Liberty is an inherently offensive lifestyle. Living in a free society guarantees that each one of us will see our most cherished principles and beliefs questioned and in some cases mocked. That psychic discomfort is the price we pay for basic civic peace. It's worth it. It's a pragmatic principle. Defend everyone else's rights, because if you don't there is no one to defend yours. -- MaxedOutMama

I don't just want gun rights... I want individual liberty, a culture of self-reliance....I want the whole bloody thing. -- Kim du Toit

The most glaring example of the cognitive dissonance on the left is the concept that human beings are inherently good, yet at the same time cannot be trusted with any kind of weapon, unless the magic fairy dust of government authority gets sprinkled upon them.-- Moshe Ben-David

The cult of the left believes that it is engaged in a great apocalyptic battle with corporations and industrialists for the ownership of the unthinking masses. Its acolytes see themselves as the individuals who have been "liberated" to think for themselves.
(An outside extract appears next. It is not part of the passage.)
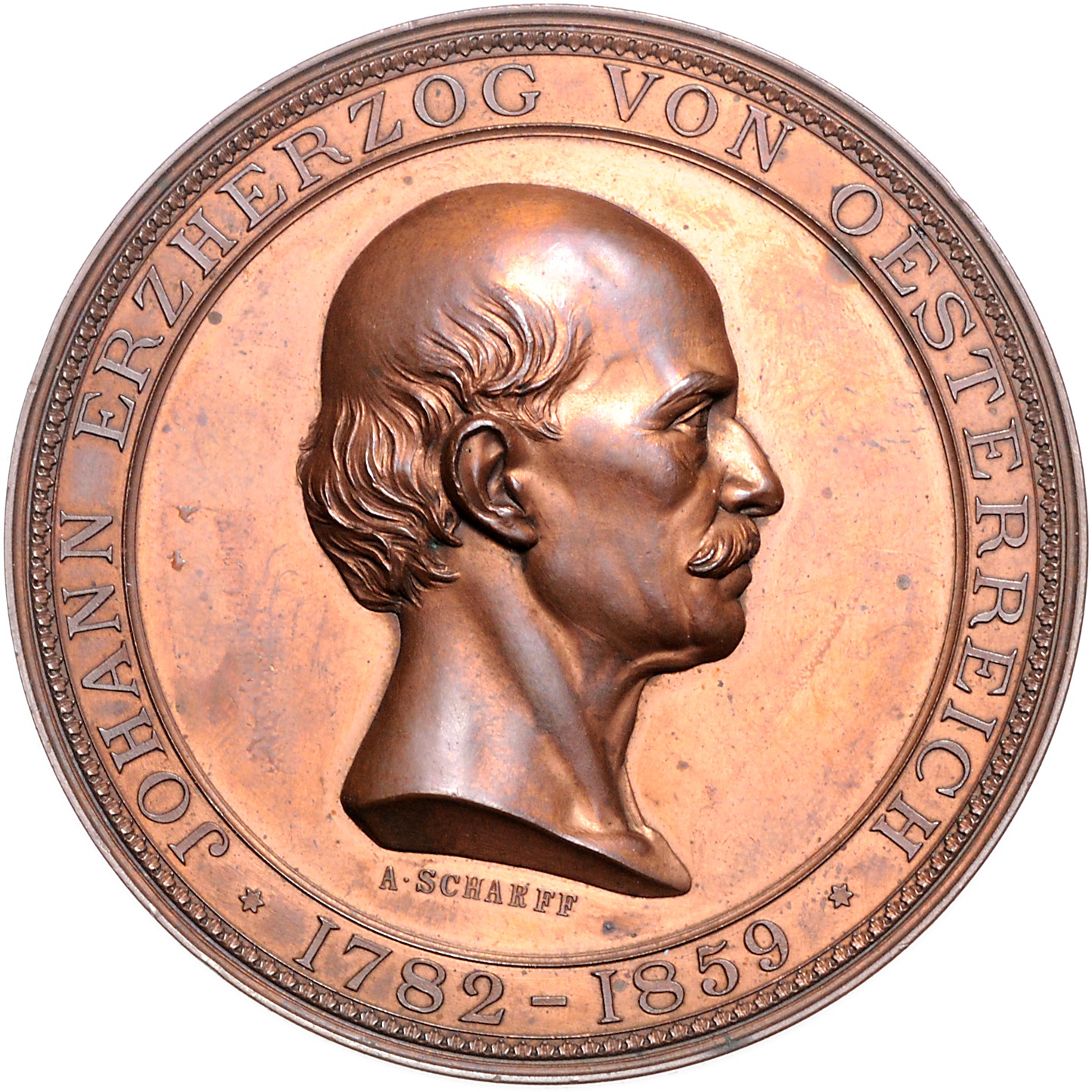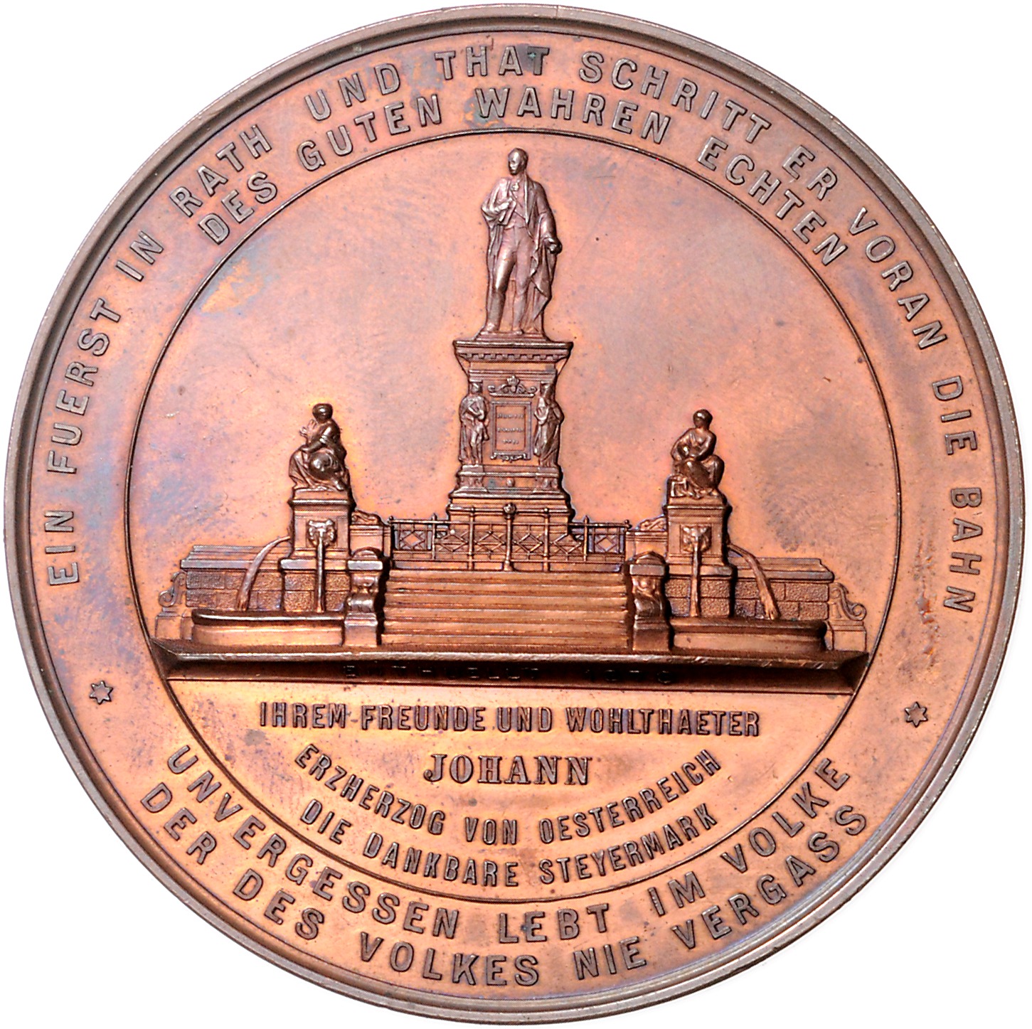 Bronzemedaille 1878 auf die Enthüllung des Denkmals für Erzherzog Johann in Graz. Hauser 2305, Loehr 32, Wurzbach 4023. 62,3 mm, 97,42 g. vz

They make choices. You however are just a member of the unthinking masses. You are not really a person, but only respond to the agendas of your corporate overlords. If you eat too much, it's because corporations make you eat. If you kill, it's because corporations encourage you to buy guns. You are not an individual. You are a social problem. -- Sultan Knish

All politics in this country now is just dress rehearsal for civil war. -- Billy Beck

Wednesday, June 28, 2006

Oh For...
Secondhand smoke classified as lethal

Surgeon general says there's no safe level

By Miriah Meyer and Jeremy Manier
Tribune staff reporters
Published June 27, 2006, 10:48 PM CDT


No amount of air filtration can eliminate the health hazards of secondhand smoke, according to a new U.S. surgeon general's report that could challenge a controversial loophole in Chicago's impending ban on smoking in public places.

The report surveyed 20 years of scientific evidence about the effects of secondhand smoke and found that even trace amounts cause immediate and damaging effects in non-smokers. That led Surgeon General Richard Carmona to conclude there is no safe level of exposure to secondhand smoke.

"The debate is over as far as I'm concerned," said Carmona. "Based on the science I wouldn't allow anyone in my family to stand in a room with someone smoking."

Some 126 million non-smokers in the U.S. are exposed to secondhand smoke in their homes and workplaces, putting them at a 20 percent to 30 percent greater risk for lung cancer and heart disease, according to the report. It attributed an estimated 50,000 deaths each year to secondhand smoke exposure, 430 of them babies who succumb to sudden infant death syndrome.

The new report comes 20 years after the surgeon general concluded for the first time that exposure to tobacco smoke causes lung cancer and other ailments in non-smokers. Since then, science has expanded the list of diseases and conditions resulting from exposure to include SIDS, developmental effects in children, heart disease and the risk of other cancers.

The findings have "tremendous public policy implications" and should give ammunition to cities and states trying to enact smoking bans, said Stanton Glantz, director of the University of California at San Francisco's Center for Tobacco Control Research and Education, who helped draft the paper.
"Tremendous public policy implications." Yes, I bet it does.

Tell me, Dr. Carmona, if you wouldn't allow anyone in your family to stand in a room with someone smoking, is that true for a closet? A living room? A ballroom? A warehouse? Where do you draw the line? "Oh my God! Someone in Kentucky is smoking a cigarette!"

If cigarette smoke is "lethal," then why are my parents at age 71 - smokers until about five years ago - still alive? Why am I? After all, they smoked around me from birth until I moved out of the house. Same for my sister. My brother still smokes - and that means he's still living, too. My grandmother on my father's side smoked until she died - in her eighties.

What you see here is the initial salvo of the last battle over property rights. It's the final step down the slippery slope that started quite a while back.
"Sandra Starr, vice chairwoman of the Princeton Regional Health Commission . . ., said there is no 'slippery slope' toward a total ban on smoking in public places. 'The commission's overriding concern,’ she said, 'is access to the machines by minors.'" — New York Times, Sept. 5, 1993, § 1, at 52.

"Last month, the Princeton Regional Health Commission took a bold step to protect its citizens by enacting a ban on smoking in all public places of accommodation, including restaurants and taverns. . . . In doing so, Princeton has paved the way for other municipalities to institute similar bans . . . .”— The Record (Bergen County), July 12, 2000, at L7.
(Both quotes courtesy of Eugene Volokh.) What we're headed for is a government mandated ban on smoking in your own home - and the excuse will be (as it usually is) "It's for the CHILDREN!"

And then what else will the .gov decide that you are unqualified to decide on your own?